### Your goal
Restate the following records word for word without images.

### Data supplied
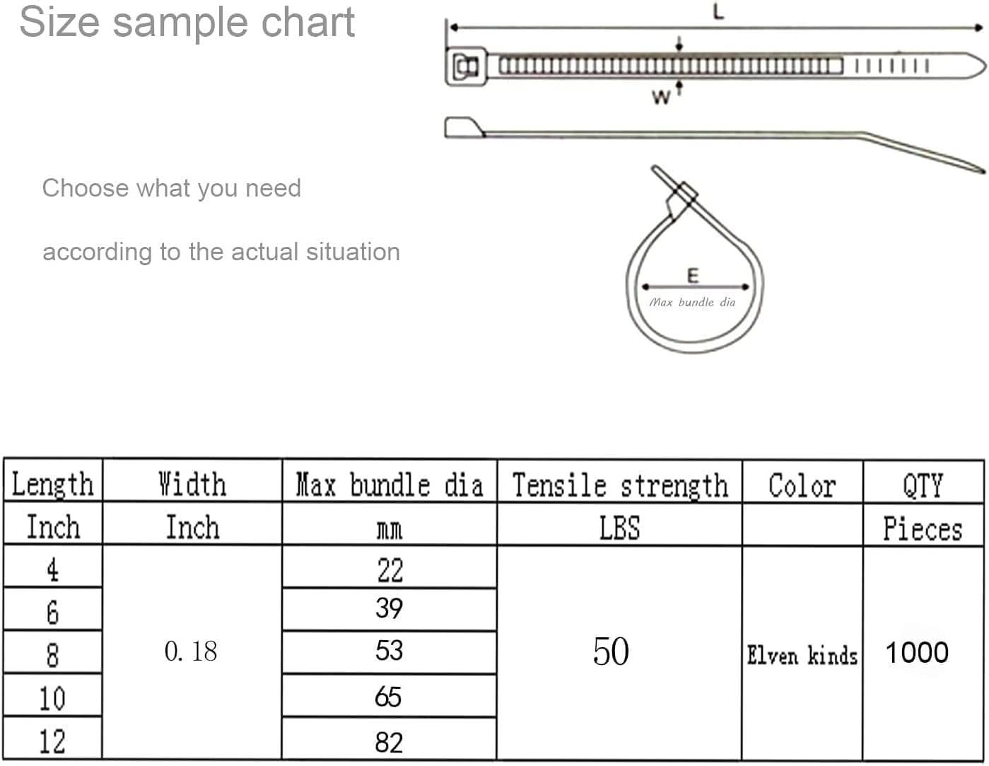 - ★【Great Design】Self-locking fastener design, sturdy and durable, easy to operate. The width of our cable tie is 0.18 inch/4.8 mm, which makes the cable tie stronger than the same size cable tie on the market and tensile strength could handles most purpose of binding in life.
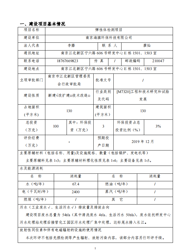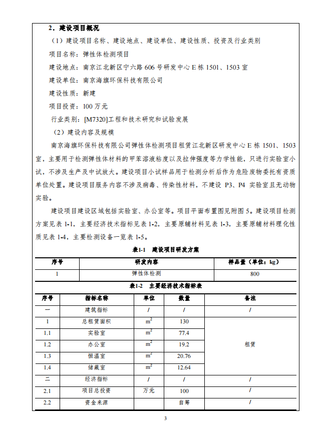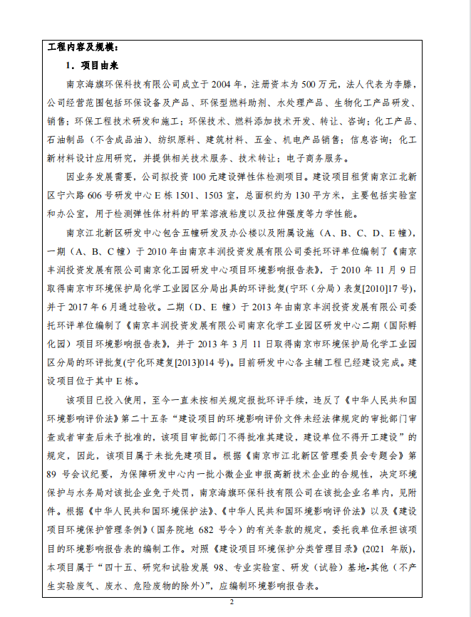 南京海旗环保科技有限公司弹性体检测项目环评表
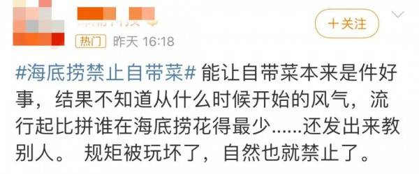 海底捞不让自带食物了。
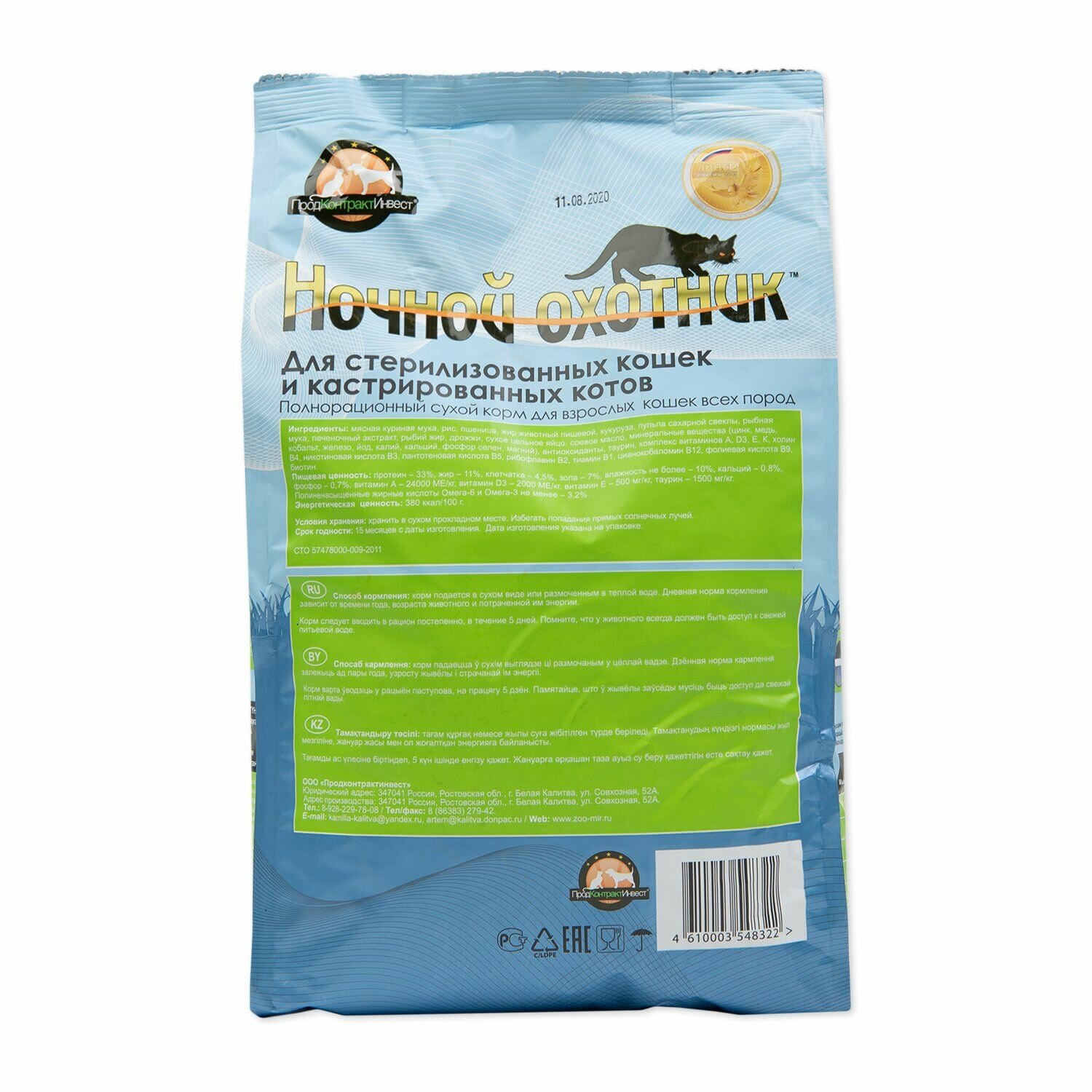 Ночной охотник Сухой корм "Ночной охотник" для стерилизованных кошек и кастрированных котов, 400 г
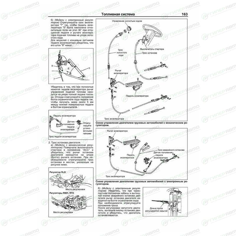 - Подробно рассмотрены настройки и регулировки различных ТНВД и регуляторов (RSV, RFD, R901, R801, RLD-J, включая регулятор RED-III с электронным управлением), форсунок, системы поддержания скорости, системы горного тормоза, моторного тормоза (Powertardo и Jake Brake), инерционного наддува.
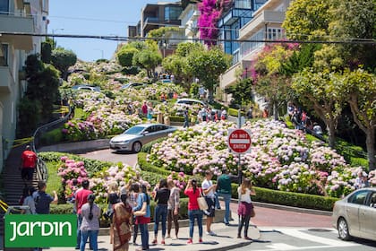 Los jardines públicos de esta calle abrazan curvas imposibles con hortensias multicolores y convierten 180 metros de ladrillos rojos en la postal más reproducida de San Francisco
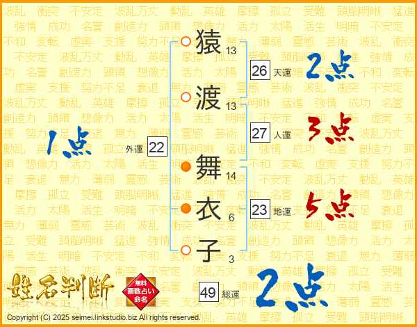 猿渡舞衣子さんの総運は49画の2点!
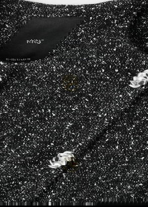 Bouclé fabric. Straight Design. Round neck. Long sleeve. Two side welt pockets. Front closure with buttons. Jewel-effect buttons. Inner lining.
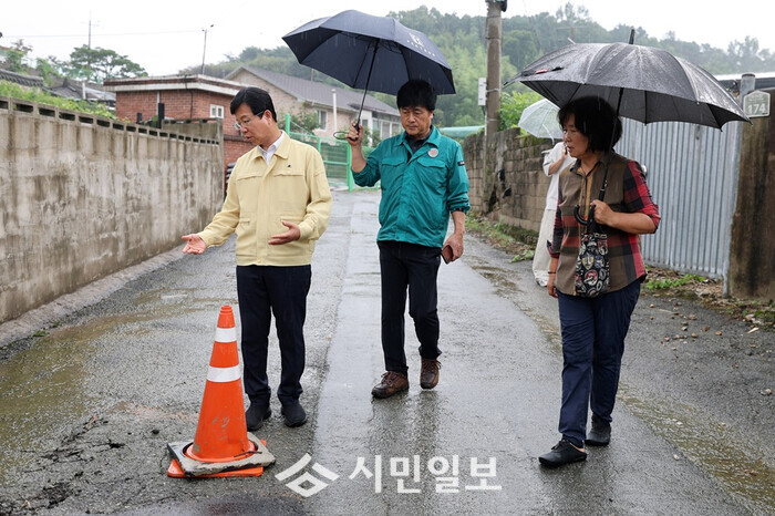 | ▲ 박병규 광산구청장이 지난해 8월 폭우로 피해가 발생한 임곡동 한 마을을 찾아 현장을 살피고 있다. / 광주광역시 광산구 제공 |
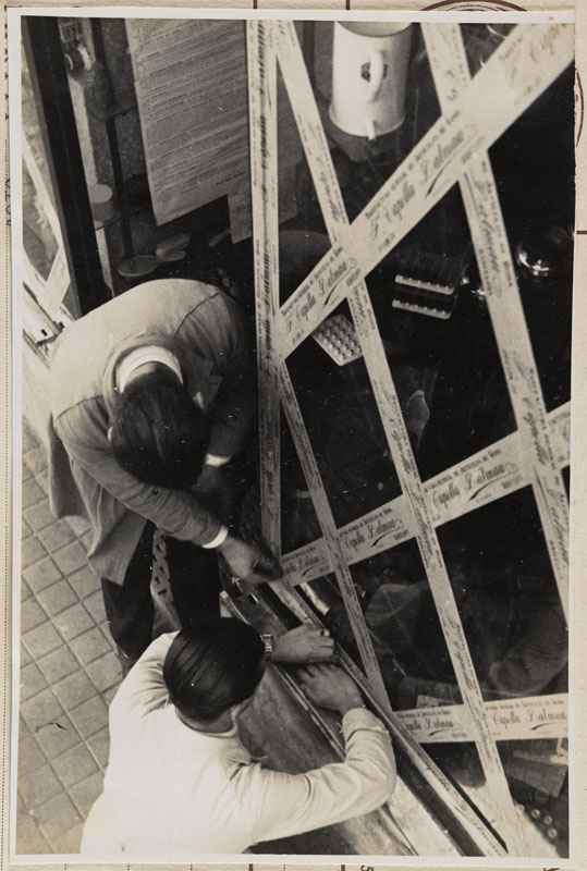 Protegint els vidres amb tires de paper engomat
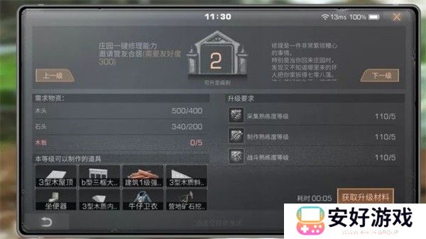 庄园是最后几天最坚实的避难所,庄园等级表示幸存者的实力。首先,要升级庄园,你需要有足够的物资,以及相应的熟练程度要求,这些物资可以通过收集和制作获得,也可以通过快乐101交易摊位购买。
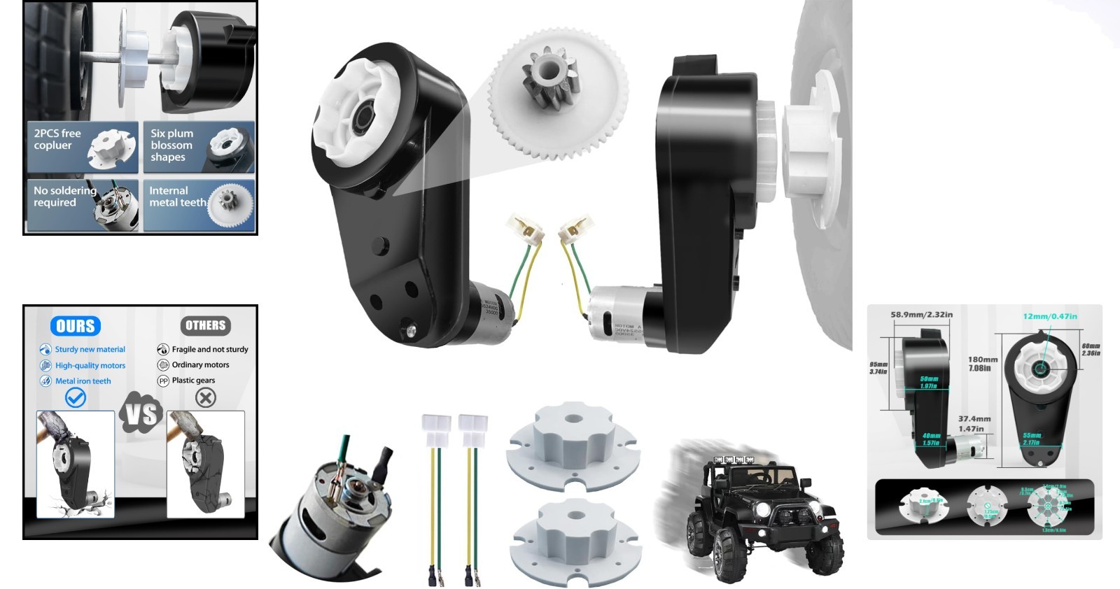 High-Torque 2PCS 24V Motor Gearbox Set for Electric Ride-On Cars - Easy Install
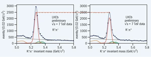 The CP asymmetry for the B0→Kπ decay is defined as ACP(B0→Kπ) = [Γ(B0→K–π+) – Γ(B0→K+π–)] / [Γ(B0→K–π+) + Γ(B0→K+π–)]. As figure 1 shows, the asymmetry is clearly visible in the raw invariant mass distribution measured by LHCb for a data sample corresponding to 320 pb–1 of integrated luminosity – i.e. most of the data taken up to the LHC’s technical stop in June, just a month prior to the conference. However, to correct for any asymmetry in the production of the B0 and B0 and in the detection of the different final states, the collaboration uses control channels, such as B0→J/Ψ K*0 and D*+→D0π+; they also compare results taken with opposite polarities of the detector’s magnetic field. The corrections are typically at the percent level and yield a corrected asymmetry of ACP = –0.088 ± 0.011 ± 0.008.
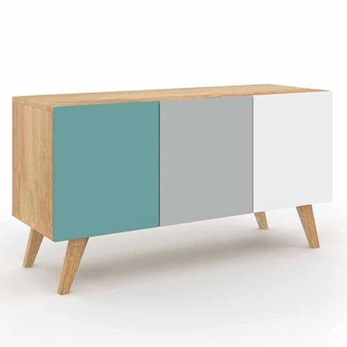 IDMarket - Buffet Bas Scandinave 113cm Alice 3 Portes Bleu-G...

### Expected answer
 - ★【Great Design】Self-locking fastener design, sturdy and durable, easy to operate. The width of our cable tie is 0.18 inch/4.8 mm, which makes the cable tie stronger than the same size cable tie on the market and tensile strength could handles most purpose of binding in life.
 南京海旗环保科技有限公司弹性体检测项目环评表
 海底捞不让自带食物了。
 Ночной охотник Сухой корм "Ночной охотник" для стерилизованных кошек и кастрированных котов, 400 г
 - Подробно рассмотрены настройки и регулировки различных ТНВД и регуляторов (RSV, RFD, R901, R801, RLD-J, включая регулятор RED-III с электронным управлением), форсунок, системы поддержания скорости, системы горного тормоза, моторного тормоза (Powertardo и Jake Brake), инерционного наддува.
 Los jardines públicos de esta calle abrazan curvas imposibles con hortensias multicolores y convierten 180 metros de ladrillos rojos en la postal más reproducida de San Francisco
 猿渡舞衣子さんの総運は49画の2点!
 Bouclé fabric. Straight Design. Round neck. Long sleeve. Two side welt pockets. Front closure with buttons. Jewel-effect buttons. Inner lining.
 | ▲ 박병규 광산구청장이 지난해 8월 폭우로 피해가 발생한 임곡동 한 마을을 찾아 현장을 살피고 있다. / 광주광역시 광산구 제공 |
 Protegint els vidres amb tires de paper engomat
 庄园是最后几天最坚实的避难所,庄园等级表示幸存者的实力。首先,要升级庄园,你需要有足够的物资,以及相应的熟练程度要求,这些物资可以通过收集和制作获得,也可以通过快乐101交易摊位购买。
 High-Torque 2PCS 24V Motor Gearbox Set for Electric Ride-On Cars - Easy Install
 The CP asymmetry for the B0→Kπ decay is defined as ACP(B0→Kπ) = [Γ(B0→K–π+) – Γ(B0→K+π–)] / [Γ(B0→K–π+) + Γ(B0→K+π–)]. As figure 1 shows, the asymmetry is clearly visible in the raw invariant mass distribution measured by LHCb for a data sample corresponding to 320 pb–1 of integrated luminosity – i.e. most of the data taken up to the LHC’s technical stop in June, just a month prior to the conference. However, to correct for any asymmetry in the production of the B0 and B0 and in the detection of the different final states, the collaboration uses control channels, such as B0→J/Ψ K*0 and D*+→D0π+; they also compare results taken with opposite polarities of the detector’s magnetic field. The corrections are typically at the percent level and yield a corrected asymmetry of ACP = –0.088 ± 0.011 ± 0.008.
 IDMarket - Buffet Bas Scandinave 113cm Alice 3 Portes Bleu-G...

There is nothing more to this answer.